What is expected ▸ Start at the line in the entries below that contains "Hermes Brown Metallic", stop at the line that contains "Comfy Grip White", and output exactly the lines in that span, both ends included.

Data records ▸
########

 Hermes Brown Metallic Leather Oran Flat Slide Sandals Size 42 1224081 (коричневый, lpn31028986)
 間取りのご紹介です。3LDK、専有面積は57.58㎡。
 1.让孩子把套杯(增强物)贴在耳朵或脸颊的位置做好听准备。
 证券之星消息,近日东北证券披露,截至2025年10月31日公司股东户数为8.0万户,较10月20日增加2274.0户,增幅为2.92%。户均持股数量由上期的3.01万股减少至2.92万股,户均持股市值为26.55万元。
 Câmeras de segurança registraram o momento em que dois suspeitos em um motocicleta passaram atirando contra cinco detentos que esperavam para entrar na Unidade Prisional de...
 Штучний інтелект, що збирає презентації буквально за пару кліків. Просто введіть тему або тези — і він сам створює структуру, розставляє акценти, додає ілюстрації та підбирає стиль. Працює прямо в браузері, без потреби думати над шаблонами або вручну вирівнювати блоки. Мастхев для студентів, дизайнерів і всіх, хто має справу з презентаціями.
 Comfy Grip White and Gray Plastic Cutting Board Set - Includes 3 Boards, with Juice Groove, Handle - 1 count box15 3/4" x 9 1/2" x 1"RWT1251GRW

########

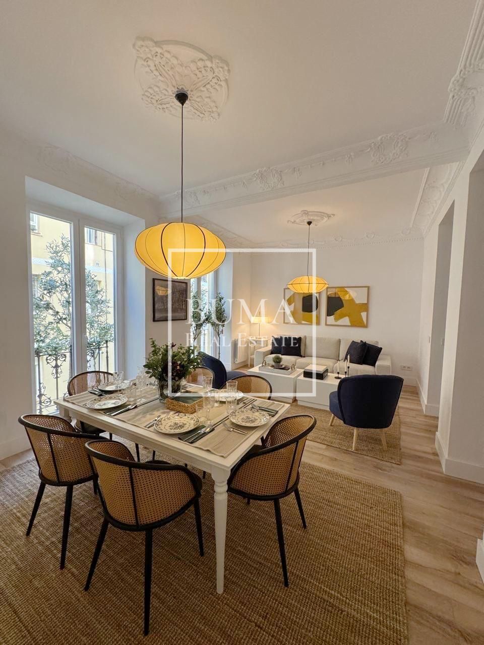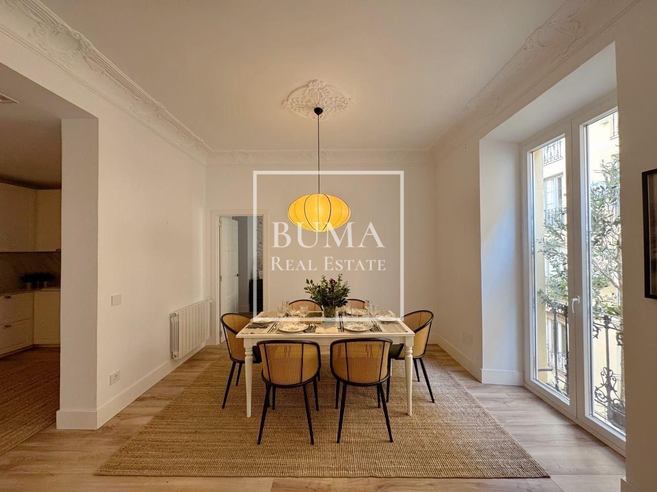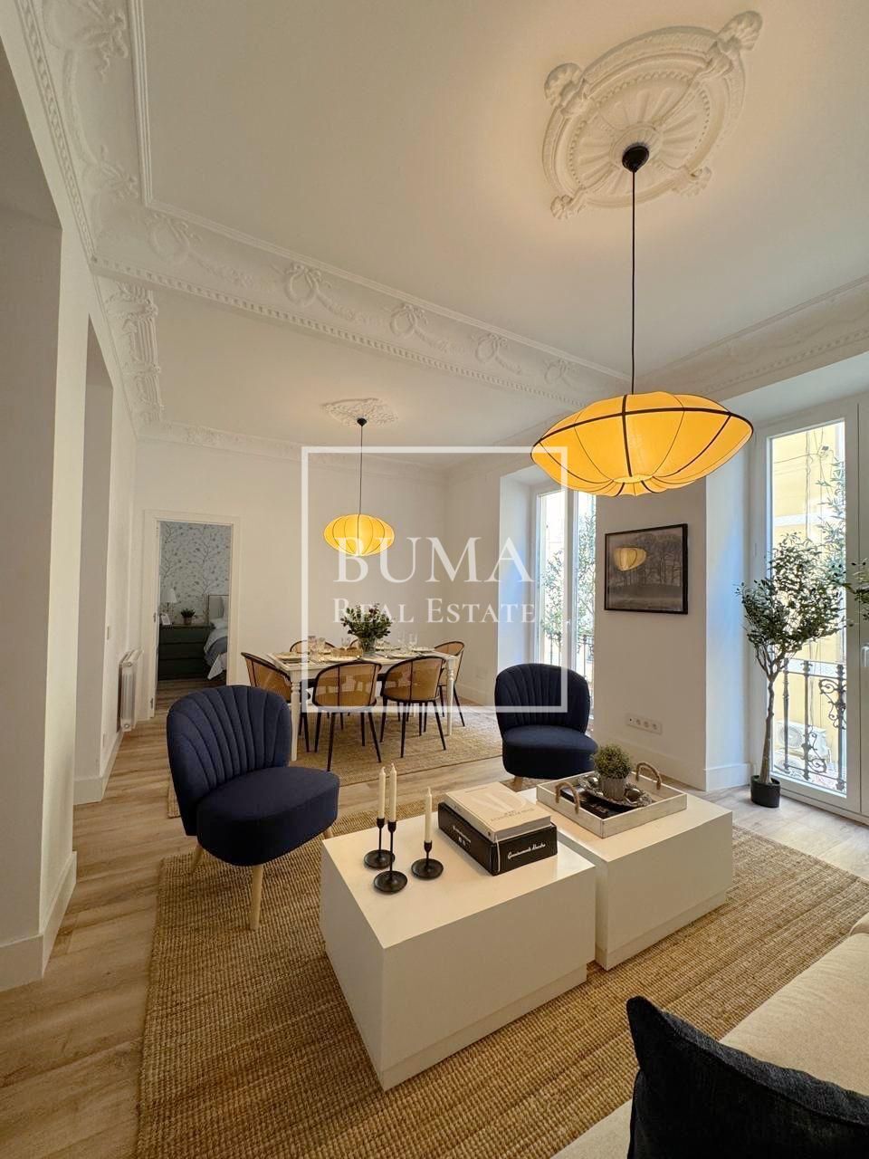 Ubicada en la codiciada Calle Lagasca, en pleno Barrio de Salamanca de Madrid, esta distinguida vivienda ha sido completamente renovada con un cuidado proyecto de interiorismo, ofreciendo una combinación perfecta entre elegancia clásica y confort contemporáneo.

########

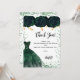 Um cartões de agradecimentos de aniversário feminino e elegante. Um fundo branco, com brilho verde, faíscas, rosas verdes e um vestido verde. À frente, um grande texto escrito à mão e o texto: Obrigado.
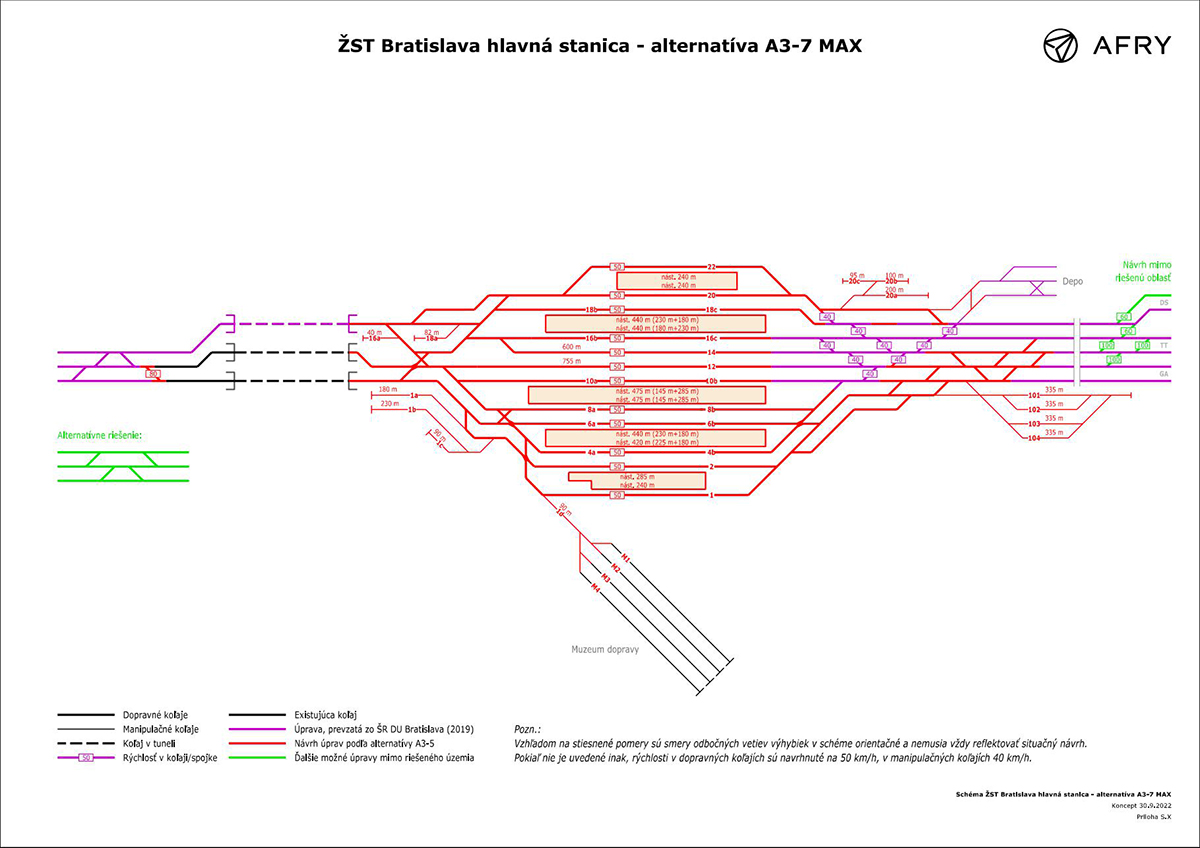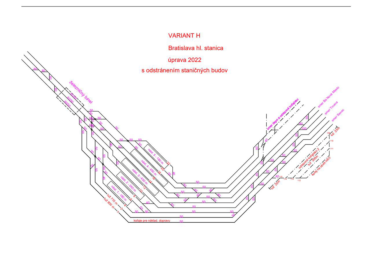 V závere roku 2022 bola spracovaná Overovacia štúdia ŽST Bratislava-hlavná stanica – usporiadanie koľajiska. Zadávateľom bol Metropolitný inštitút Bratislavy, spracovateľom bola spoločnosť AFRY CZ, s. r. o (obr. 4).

########

Solved exercise ▸
 Hermes Brown Metallic Leather Oran Flat Slide Sandals Size 42 1224081 (коричневый, lpn31028986)
 間取りのご紹介です。3LDK、専有面積は57.58㎡。
 1.让孩子把套杯(增强物)贴在耳朵或脸颊的位置做好听准备。
 证券之星消息,近日东北证券披露,截至2025年10月31日公司股东户数为8.0万户,较10月20日增加2274.0户,增幅为2.92%。户均持股数量由上期的3.01万股减少至2.92万股,户均持股市值为26.55万元。
 Câmeras de segurança registraram o momento em que dois suspeitos em um motocicleta passaram atirando contra cinco detentos que esperavam para entrar na Unidade Prisional de...
 Штучний інтелект, що збирає презентації буквально за пару кліків. Просто введіть тему або тези — і він сам створює структуру, розставляє акценти, додає ілюстрації та підбирає стиль. Працює прямо в браузері, без потреби думати над шаблонами або вручну вирівнювати блоки. Мастхев для студентів, дизайнерів і всіх, хто має справу з презентаціями.
 Comfy Grip White and Gray Plastic Cutting Board Set - Includes 3 Boards, with Juice Groove, Handle - 1 count box15 3/4" x 9 1/2" x 1"RWT1251GRW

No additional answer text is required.